A bit of perspective regarding your front-page story “Educators, Journalists Spar Over Media Access,” (Oct. 24, 2001): I wholeheartedly agree that public schools and the news media must find ways to work together to best serve the community. Perhaps if news organizations set minimum standards for the reporters they disperse to cover education, some of the distrust could be eliminated. And while it may be true that educators who have been burned by negative news stories may resist cooperating with the media, accuracy and continuity are more pervasive problems.

In many communities, reporters assigned to cover the education beat turn over as often as new testing materials. Educators who are willing to do so may spend an hour explaining a complex issue to a reporter this month, knowing full well they’ll be spending the same hour next month with a new face, just as they did with another the month before.

Reporters often show up having done no research or background preparation. They implore us to just “boil every issue down to a three-paragraph explanation.” Providing context matters little if it’s disregarded. Sometimes, inaccuracies and unfair slant are simply the result of sloppy, lazy reporting. School leaders want reporters to get it right, but pay the price so often when they get it wrong.

Administrators are as likely to invoke the Buckley Amendment to protect students and teachers from ill-prepared reporters as from invasion of privacy. High-stakes education deserves high-quality reporting. News organizations that provide flavor-of-the- month coverage of the education beat have no one to blame but themselves for poor relations with public schools. And a word to reporters: Do your homework!

Kathy K. Demarest
Wilmington, Del.

‘Twice Exceptional,’ Doubly Challenged

To the Editor:

Upon reading your feature article “Diamonds in the Rough,” (Research, Oct. 24, 2001), I felt compelled to voice my pleasure.

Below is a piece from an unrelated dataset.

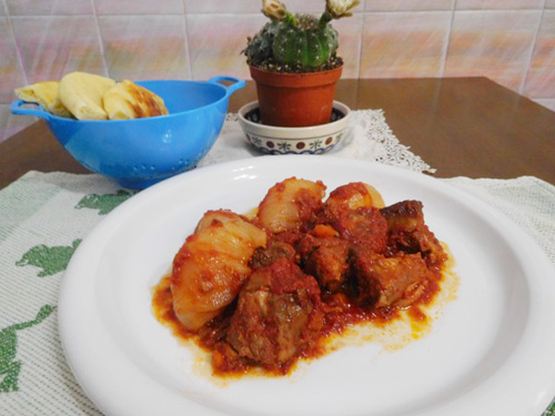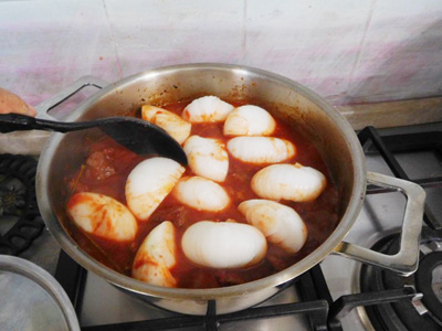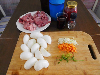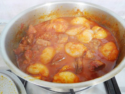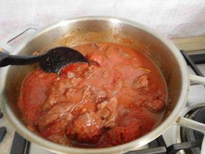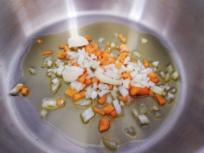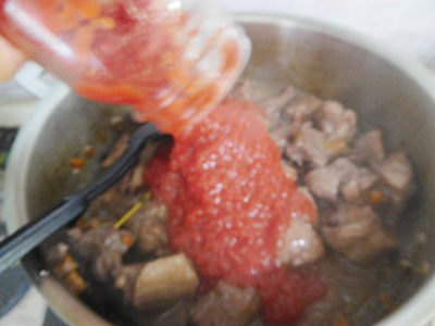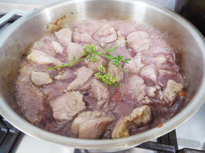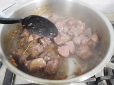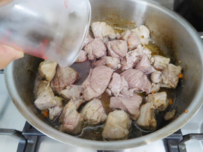 (2)野菜がしんなりしてきたら肉を入れて炒める。

The article spoke such truth about the “twice exceptional” children who have been told too often that they are lazy or not trying hard enough, or else have been misplaced in regular classes for the gifted. These students have been misunderstood by educators, who struggle to meet the needs of children who either have giftedness or a learning disability.

For almost 20 years, I have had the good fortune to work with twice-exceptional (or thrice—having giftedness, a learning disability, and attention deficits) children and adults, as both an educational therapist and a professional-development specialist. In therapy, they exhibit exciting talents, atypical perspectives, and challenges for themselves and therapists. In the classroom, they most often pose enigmas to their teachers. Their “gift for gab” and unusual insight is not commensurate with their organization of a research paper, understanding of the “main idea,” the “author’s tone,” or the most salient point of an academic argument.

An important part of my work with individuals having giftedness, learning disabilities, and attention deficit disorder focuses on their understanding and acceptance of their own uniqueness and strengths. This fosters self-knowledge and self-advocacy, which lead to an awareness of how they learn best and what they need to exhibit understanding. For adults, this translates into finding appropriate career paths and having the confidence to make necessary workplace adaptations.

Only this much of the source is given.